Cron Jobs
The broken link checker works mostly in the background, to execute the tasks you will need some cron jobs
To run the jobs automaticity, you can create cronjobs.
There are four different options to run cron jobs.
- Using the administrator cron module. This module provides a pseudo cron that runs in the background while you are logged in. This keeps the extracted and checked links up to date while you are working in the administrator.
- Using the HTTP interface from your browser or with a cron daemon and tools like wget and curl. The exact implementation depends on your hosting provider.
- Using Joomla's build in task scheduler.
- Using Joomla's Command line interface.
The Setup & Maintenance page in the administrator shows the links and command to use for the HTTP and CLI cron. As with estimated on intervals and batch sizes.
Whether you can run the CLI or HTTP commands as a cronjob depends on your hosts' configuration. Alternatively, you can head over to System ⇾ Scheduled Tasks and create a BLC Task.
Using the Command Line is the most effective method to parse and check links in batches.
Cron Frequency?
Extracting frequency
With the Admin Pseudo Cron Module changed items should be reprocessed will you are active in the administrator.
With the global or extractor setting 'Extract on Save
' active, items should be reprocessed on save.
Furthermore, Articles and most other content types in Joomla have a 'modified on date', so only changed items will be reprocessed. So in general the extract cron won't need a high frequency. Maybe daily to process items without modified dates
If your site has a lot of unattended changes, like with the publish-up and publish-down times for articles, you might need to decrease the interval.

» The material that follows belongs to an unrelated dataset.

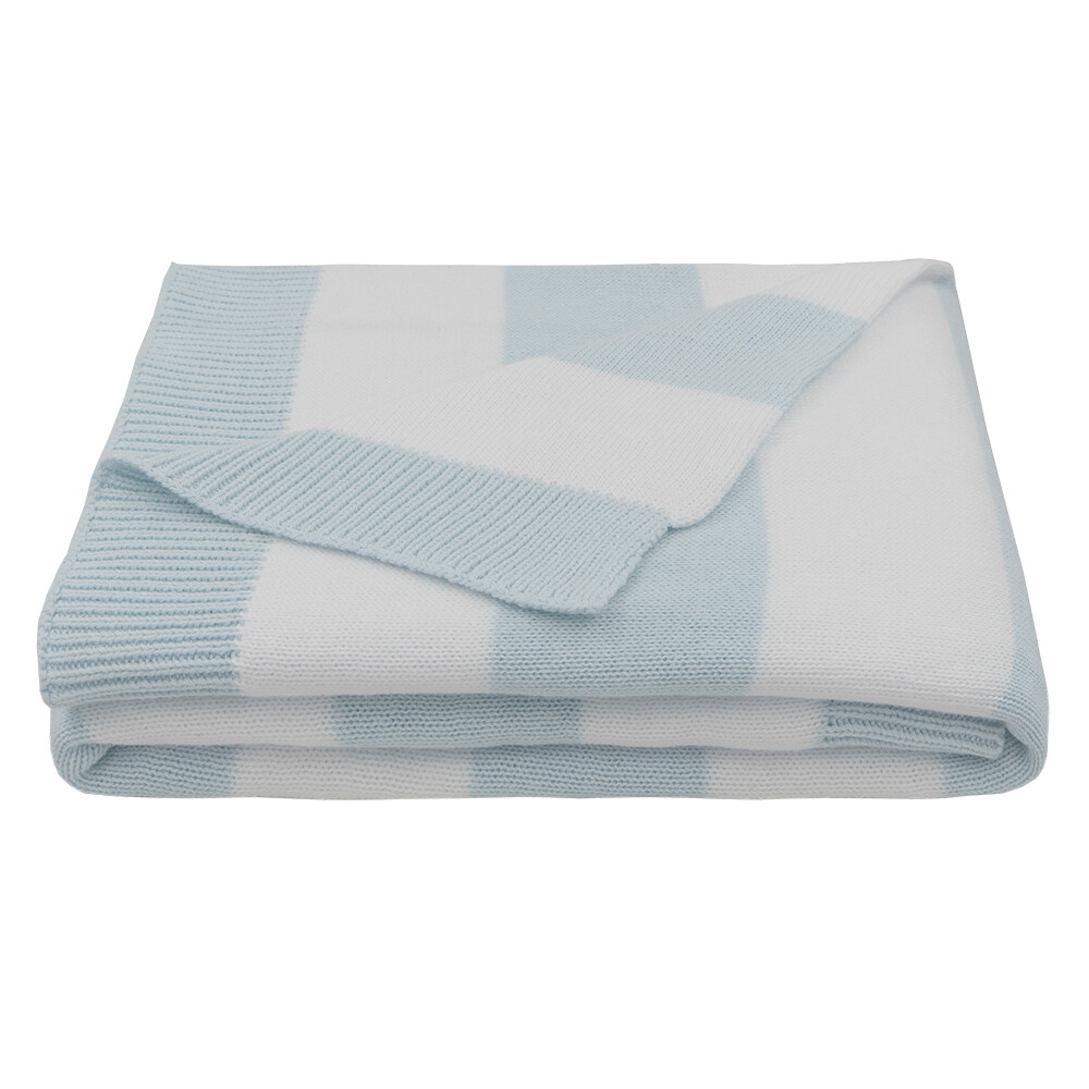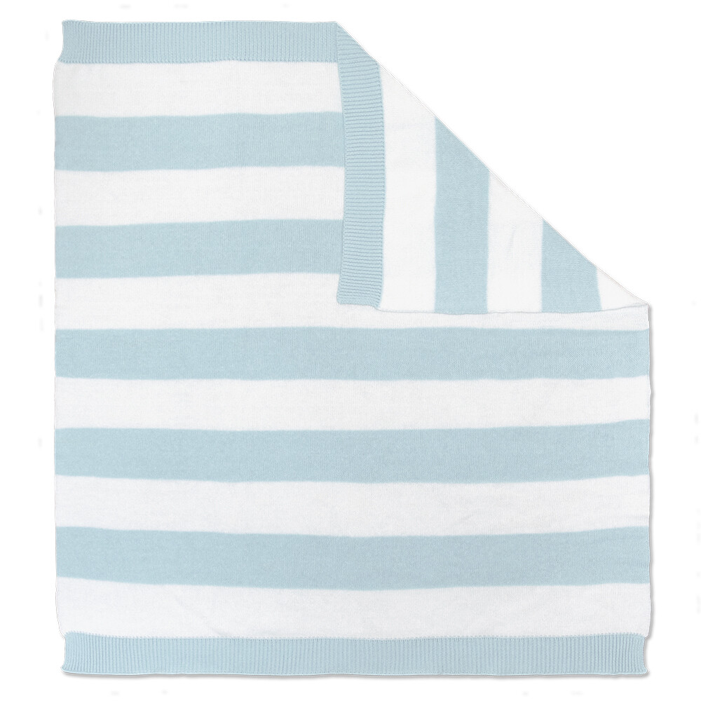 Versatile and light weight, this gorgeous 100% cotton pearl knit blanket features a classic contrasting navy and white stripe. Perfectly sized for the bassinet or pram with a hint of stretch to avoid bunching the mattress, this blanket is an essential for every baby.

Or set the option 'Only extract from published content
' to off.
Seeding after installation
After first time installation of the link checker the extractor has to parse an existing content to find all links. In this phaste you might need a higher interval for this cron job.
Check frequency
The frequency to recheck extracted links depends on the number of links and the recheck interval.
The Admin Pseudo Cron Module should be able to keep up with newly added links. Rechecking links should occur even if you are not working in the administrator so you will need some cron to do that.
You will find an estimate on the Maintenance page.
Domain throttling
To prevent flooding a remote host, there is a request limit per domain. You can change the period between two requests to the same host in the BLC Options.
If you have a lot of links to the same domain, you might need several cron runs to check them all.
Other Options
There are quite a few settings to control the cron jobs. Like batch sizes and check frequency. These options are depicted on the main options page
Maximum execution time
There are no maximum execution time settings. An aborted operation will simply restart the next time.
If multiple cron's run simultaneously, Inserting links into the database can collide, and you might get database errors (duplicate entry).